[Opening GIVEN ENTRIES section]

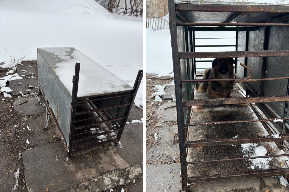 Возле гимназии №11 «Гармония» на улице Федосеева в Новосибирске появилась ловушка для бездомных собак. По словам местной жительницы, конструкция очень тяжёлая и надёжно заварена.
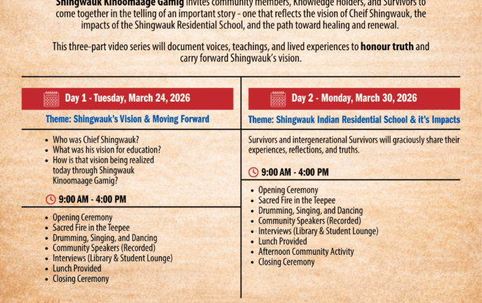 Welcome to Shingwauk Kinoomaage Gamig
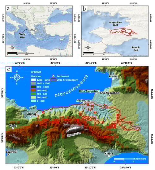 Figure 1. Map of the study area showing (a) its general location in the Eastern Mediterranean, (b) its position between the Alkyonides and the Saronic Gulf in Greece, and the boundary of the May 2021 fire (red-colored line), and (c) the main settlements and elevation in relation to the extent of the 2021 fire.
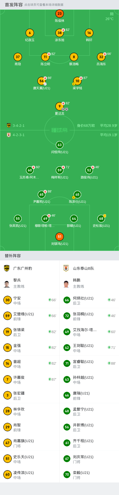 北京时间9月22日,中国足球乙级联赛决赛阶段第24轮,广东广州豹主场迎战山东泰山B队。比赛中,广东广州豹的夏达龙推射+中场吊射神仙球完成梅开二度。最终,广东广州豹以2-0战胜山东泰山B队,夺得本赛季中乙冠军。
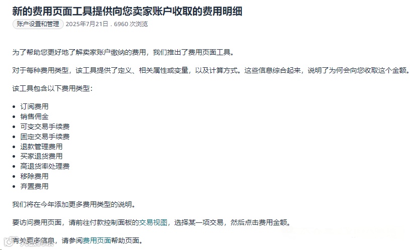 涵盖订阅费、推广佣金、可变/固定成交费、退款处理费、退货费、高退货率处理费、移除费、销毁费等多项常见费用。
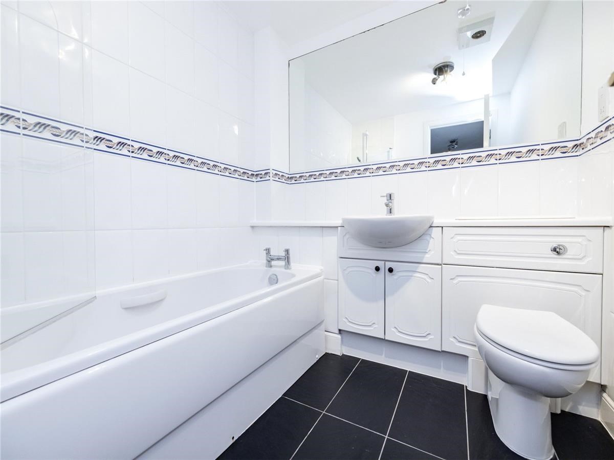 Stylish bathroom fitted with a white three piece suite comprising of w.c., wash hand basin set into a vanity unit and bath with overhead electric shower.
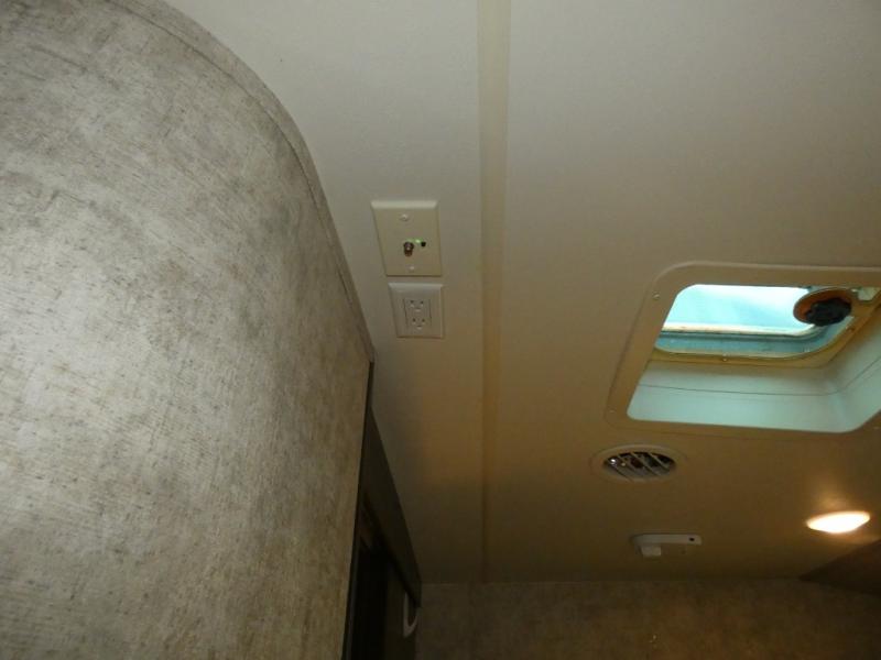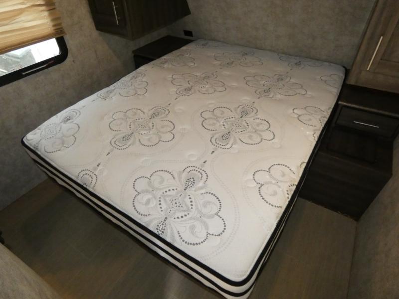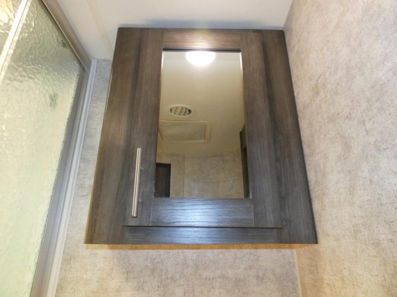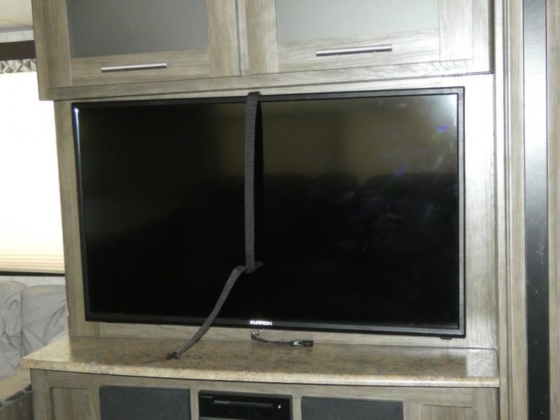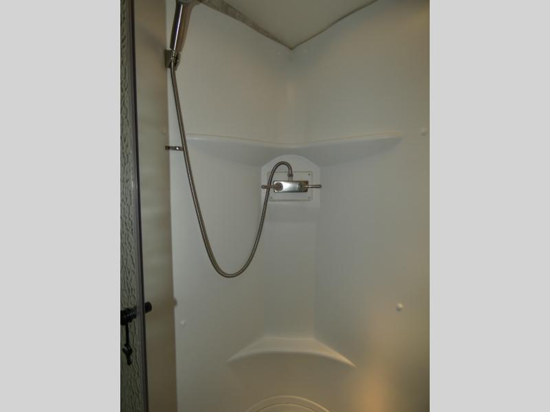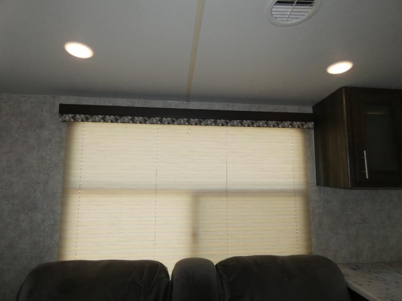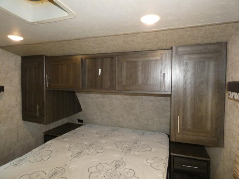 The single slide out allows you to play games or dine at the u-shaped dinette, and watch your favorite shows on the TV with entertainment center and fireplace below. There is a hutch along the interior wall providing additional storage.
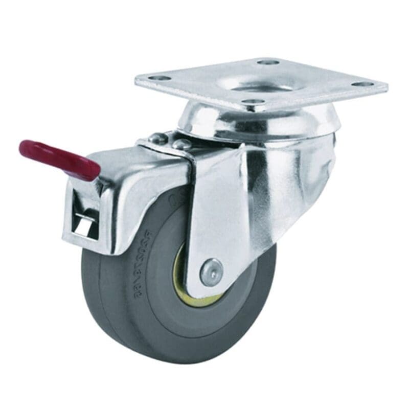 Plaatstalen vork, verzinkt-gepassiveerd. Zwenkkrans dubbel gelagerd. Wiel serie 3R. Grijs rubberband (80 graden Shore A) kunststof velg. Conuskogellager. Rem blokkeert alleen wiel. Geeft niet af / streept niet.
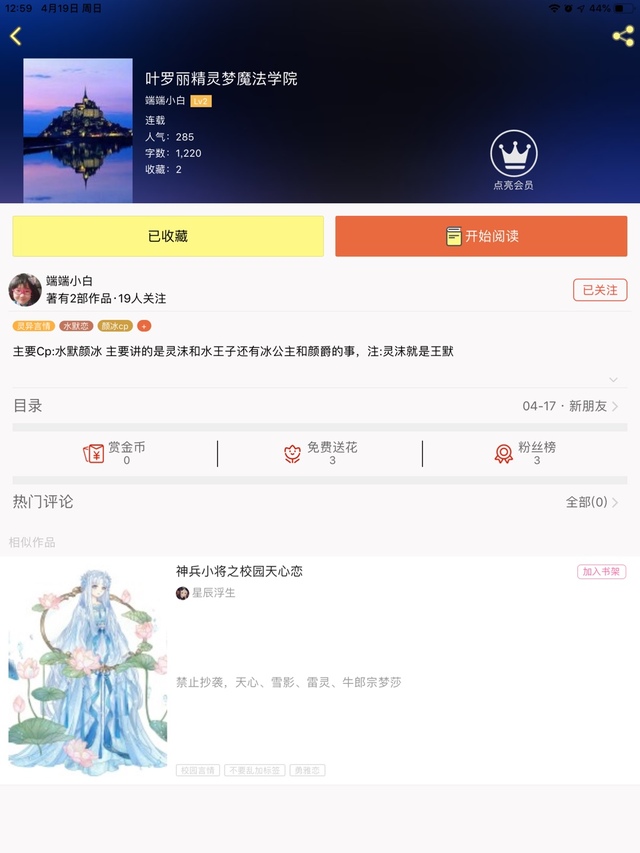 我说一下啊,我又写了一部作品,是叶罗丽魔法学院
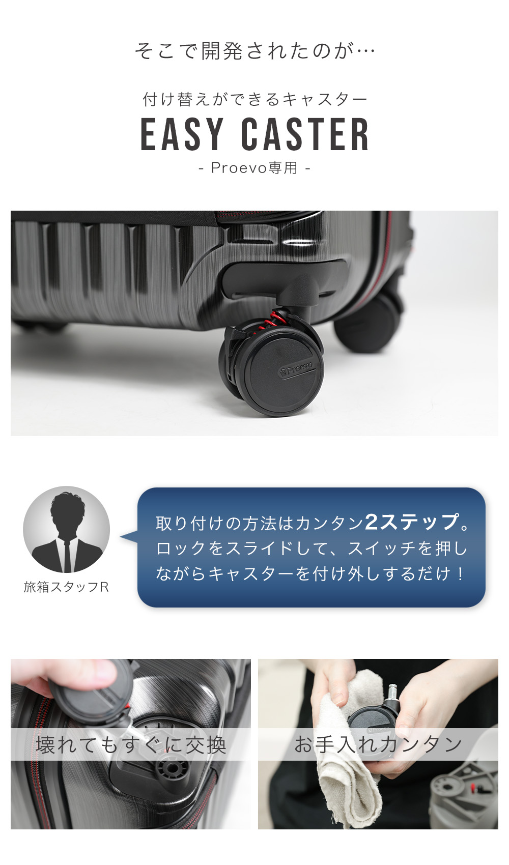 静音性・操作性・安定性が向上したEASY CASTERが標準搭載されました。
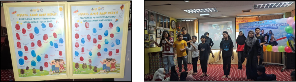 Sebagai penutup dari seluruh rangkaian kegiatan, kami menggelar acara puncak bertema “Jempol Ajaib Anak Hebat.” Dalam kegiatan sederhana namun penuh makna ini, kami bersama anak-anak membuat karya sidik jari berwarna sebagai simbol semangat, keberanian, dan keunikan setiap individu. Setiap jempol kecil yang menempel di kertas itu seolah menyimpan cerita tentang mimpi, perjuangan, dan harapan mereka untuk terus belajar meski di tengah keterbatasan.
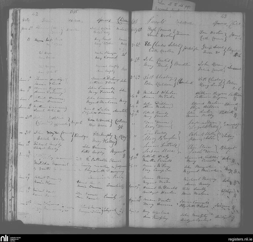 Portarlington; County of Laois, Offaly; Diocese of Kildare and Leighlin. Baptisms, June 1875 to Aug. 1875
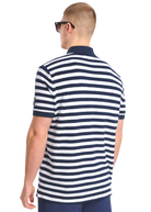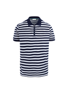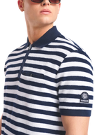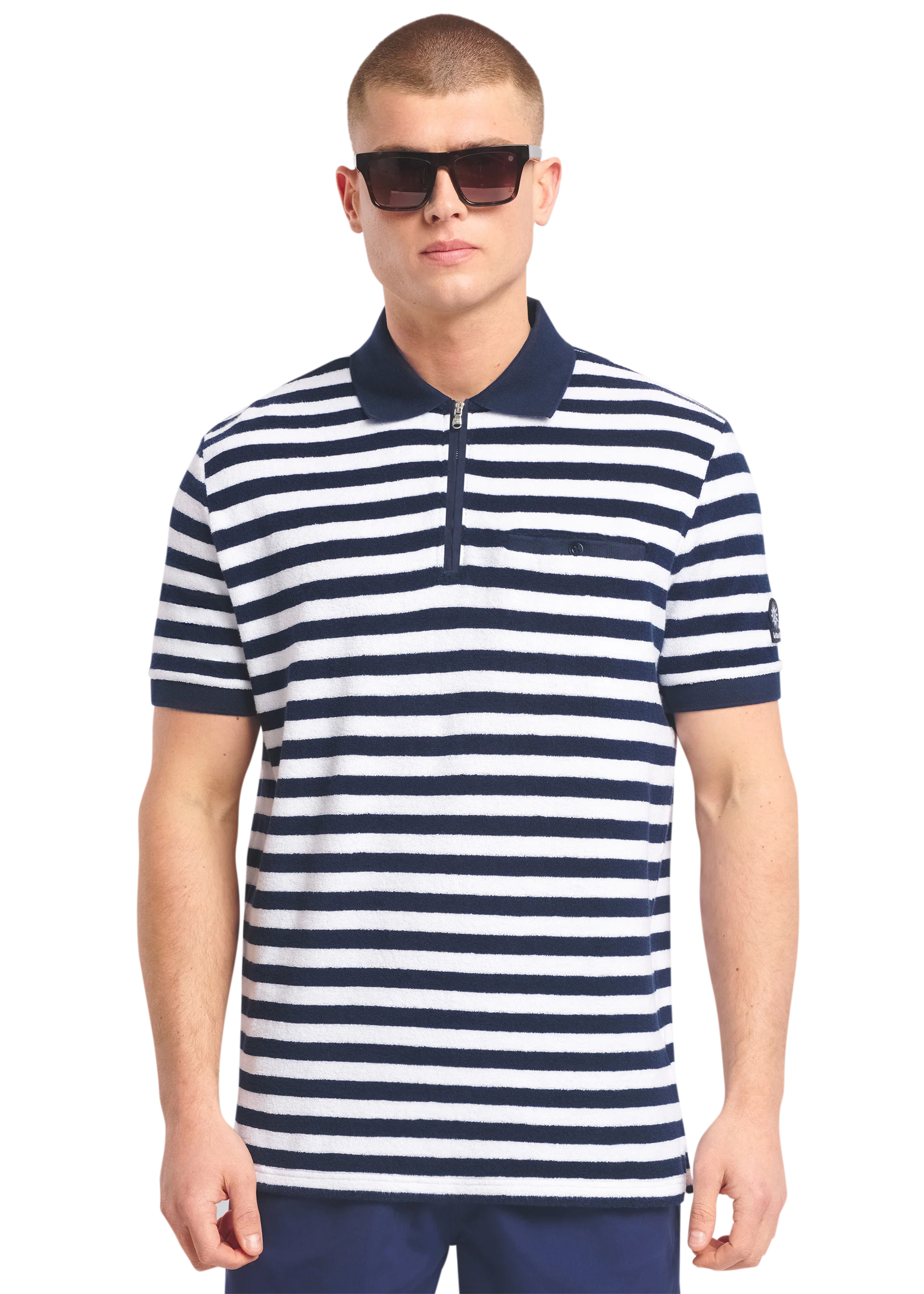 Sandbanks men's stripe towelling zip polo shirt in navy and white, made from 100% BCI cotton. This classic fitting zip polo shirt features an engraved puller, button up chest pocket, and embroidered badge on the sleeve.

[Closing GIVEN ENTRIES section]

» TASK STATEMENT: Up to and including the line containing "静音性・操作性・安定性が向上したEASY CASTERが標準搭載されました。", quote each line of the entries above from the very first, please, exactly and without images.

» YOUR SOLUTION:
 Возле гимназии №11 «Гармония» на улице Федосеева в Новосибирске появилась ловушка для бездомных собак. По словам местной жительницы, конструкция очень тяжёлая и надёжно заварена.
 Welcome to Shingwauk Kinoomaage Gamig
 Figure 1. Map of the study area showing (a) its general location in the Eastern Mediterranean, (b) its position between the Alkyonides and the Saronic Gulf in Greece, and the boundary of the May 2021 fire (red-colored line), and (c) the main settlements and elevation in relation to the extent of the 2021 fire.
 北京时间9月22日,中国足球乙级联赛决赛阶段第24轮,广东广州豹主场迎战山东泰山B队。比赛中,广东广州豹的夏达龙推射+中场吊射神仙球完成梅开二度。最终,广东广州豹以2-0战胜山东泰山B队,夺得本赛季中乙冠军。
 涵盖订阅费、推广佣金、可变/固定成交费、退款处理费、退货费、高退货率处理费、移除费、销毁费等多项常见费用。
 Stylish bathroom fitted with a white three piece suite comprising of w.c., wash hand basin set into a vanity unit and bath with overhead electric shower.
 The single slide out allows you to play games or dine at the u-shaped dinette, and watch your favorite shows on the TV with entertainment center and fireplace below. There is a hutch along the interior wall providing additional storage.
 Plaatstalen vork, verzinkt-gepassiveerd. Zwenkkrans dubbel gelagerd. Wiel serie 3R. Grijs rubberband (80 graden Shore A) kunststof velg. Conuskogellager. Rem blokkeert alleen wiel. Geeft niet af / streept niet.
 我说一下啊,我又写了一部作品,是叶罗丽魔法学院
 静音性・操作性・安定性が向上したEASY CASTERが標準搭載されました。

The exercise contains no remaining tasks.